Kara Walker’s attempt at confronting spectators with a grotesque body engaged with only one aspect of the history of black and brown bodies in America: It highlighted the deep roots of female labor in sugar plantations and refineries. What it left out was that brown and black bodies were not just used on farms, plantations, and factory floors; they were also trumped up in orientalist and racist garbs (“Sphinx” like) and put on display for entertainment. The lost histories of Appoo Hamid and Ota Benga document the abuses of social spectacle in American past. Their lives were made remarkable by spectacle alone.

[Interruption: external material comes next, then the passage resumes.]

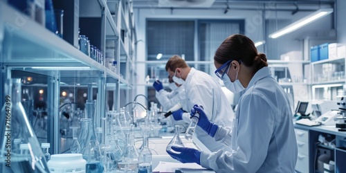 laboratory settings with scientists conducting drug research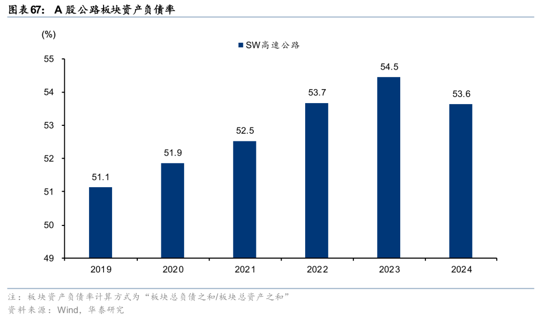 与改扩建不同,收购公路项目通常能直接增厚盈利,但对资产负债率的空间有要求。随着行业进入改扩建高峰期,公路板块的平均资产负债率已从2019年的51%攀升至2024年的54%。对于公路国央企,资产负债率考核通常要求“控制在65%以内”。未来,行业资产负债表问题或更为突出,资本市场融资需求或随之显现。

They were forced to play a role in a cultural and political conversation that imprisoned them, stripped them of their humanity, and displayed them.
The prospect of gawking, exclaiming, and comparing our bodies to others that created the spectacle of the late 19th and early 20th century remains a pivotal part of the framing of black and brown bodies in contemporary America. We can trace its contours in the dehumanized prison populations, in the rhetoric of legality attached to refugees and migrants, and in the surveillance enacted upon specific faiths. Yet the community of spectators, which creates the spectacle, remains un-critically hidden. We are all looking at “A Subtlety,” but in some ways, we should be looking at ourselves.